В том же 1923 году 14-летним подростком Дадзай поступил в префектуральную среднюю школу и, уехав из Канаги, поселился в Аомори у своих дальних родственников.
Уже в школьные годы у мальчика пробудился интерес к литературному творчеству. Свои первые произведения он печатал в школьных журналах, которые издавал вместе с группой соучеников.
В 1927 году Дадзай уехал в Хиросаки и поступил на филологическое отделение лицея. Ученикам положено было жить в общежитии, но Дадзай снова поселился у родственников. Ему очень нравилась его комнатка — на втором этаже, с окнами на юг. Он собственноручно украсил ее, создав себе маленький уютный мирок.
Учеником Дадзай был прилежным и на первых порах учился успешно. Но не прошло и года, как он стал пренебрегать занятиями в лицее, сделался завсегдатаем веселых кварталов, полюбил ходить по театрам, начал брать уроки традиционного искусства декламации «гидаю».
Один из современников Дадзая, писатель и критик Исигами Гэнъитиро, вспоминая те годы, пишет:
«Я иногда бывал у него с кем-нибудь из друзей. Его комната поражала изящным убранством, она напоминала уборную актера, исполнявшего женские роли. Он и сам был очень женственным. Иногда только развеселится и тут же — зарыдает. Но помню, как однажды ночью он пришел к нам и до рассвета читал вслух свой рассказ "Толпа студентов", темой которого послужила наша забастовка. Он, кажется, собирался послать его на конкурс. В то время он увлекался литературой эпохи Эдо, творчеством таких писателей, как Идзуми Кёка, Сатоми Тон, и страдал, осознавая пропасть, лежащую между его интересами и новой эпохой».
В 1929–1930 годах один за другим скончались два брата Дадзая: младший — Рэйдзи и старший — Кэйдзи, с которым он был особенно близок. Дадзай очень тяжело переживал эту утрату. Его тяжелое душевное состояние усугублялось еще и назревающим конфликтом с родными, недовольными тем, что Дадзай, всегда бывший первым учеником и «гордостью семьи», стал пренебрегать учебой, вел рассеянный образ жизни, подружился с какими-то сомнительными литераторами. Последней каплей в чаше семейного недовольства было известие о его связи с гейшей Бэнико.

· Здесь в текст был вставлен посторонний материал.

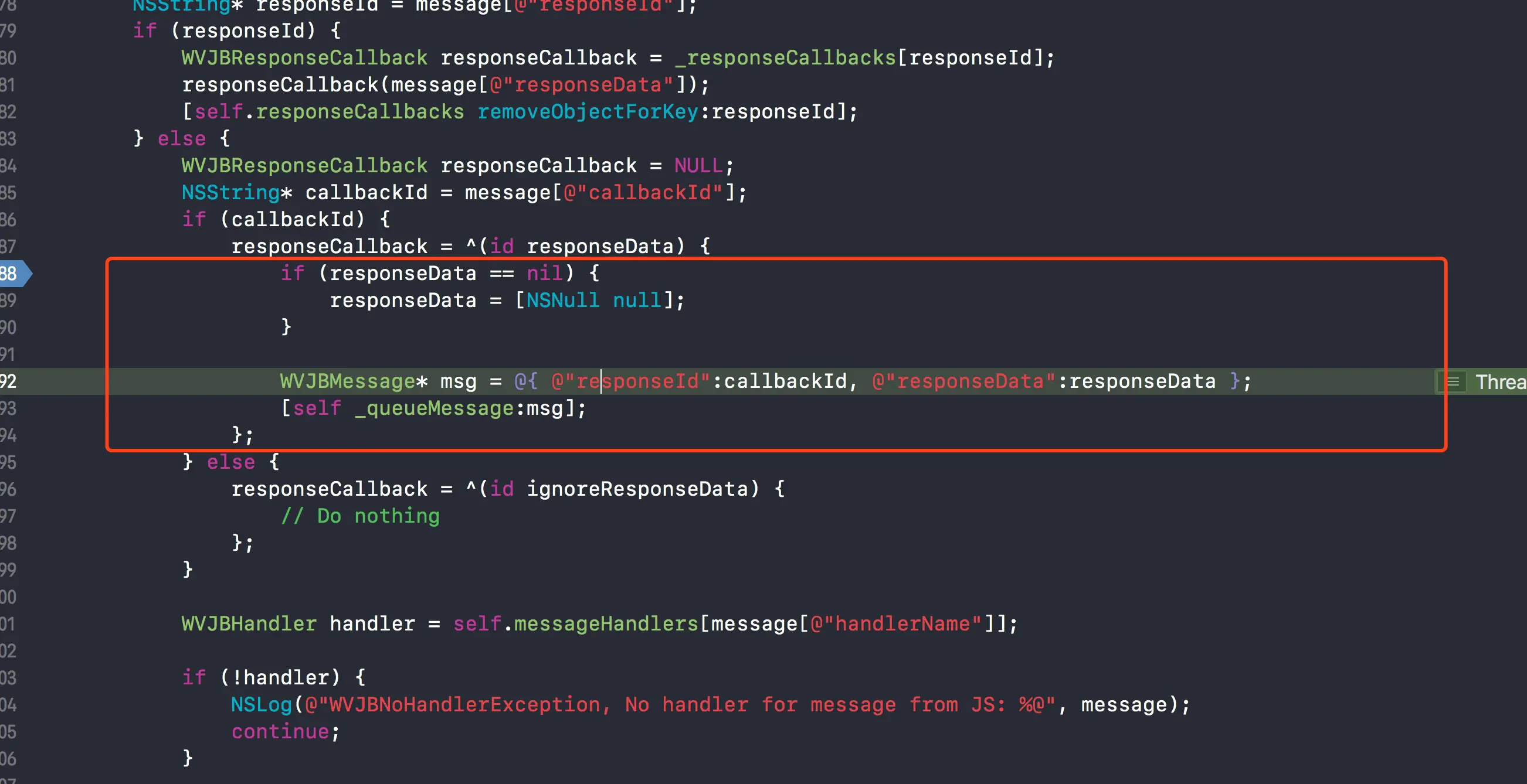 WVJBResponseCallback responseCallback = _responseCallbacks[responseId];
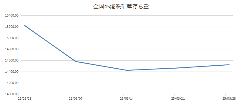 库存方面,截至3月38日,全国45个港口进口铁矿库存为14520.4万吨,周环比增加57.91万吨,月环比减少701万吨;日均疏港量为313.21万吨,周环比增加10.6万吨,月环比增加14.38吨;在港船舶数85条,与2月底相比增加28条。上周铁矿港口库存情况如上图;全国钢厂进口铁矿库存总量为9110.45万吨,月环比减少56.74万吨。3月以来随着钢厂高炉复产不断,开工规模维持在一定规模,使得钢厂提货需求增加,所以日疏港量增长。更因为3月海外发运量受天气因素影响整体大幅缩减,再加上钢厂复产后不断消耗,港口库存转向去库化。现阶段钢铁后续行情还是要看下游钢材成交情况,如果4月钢材市场仍能维持旺季行情,成交量好转,钢厂铁矿需求释放韧性可期,铁矿港口库存有去库可能。

Запутавшись в своих школьных делах, напуганный слухами об усиливающихся репрессиях против участников демократического движения, об арестах и обысках, доведенный до отчаяния упреками родственников, чувствуя себя кругом виноватым, Дадзай попытался отравиться, но, к счастью, его удалось спасти. В марте 1930 года, с грехом пополам закончив лицей, он уехал в Токио, где поступил в университет Тэйкоку на факультет французской литературы (по его собственному признанию, вовсе не из любви к французской литературе, а единственно потому, что на этот факультет принимали без экзаменов).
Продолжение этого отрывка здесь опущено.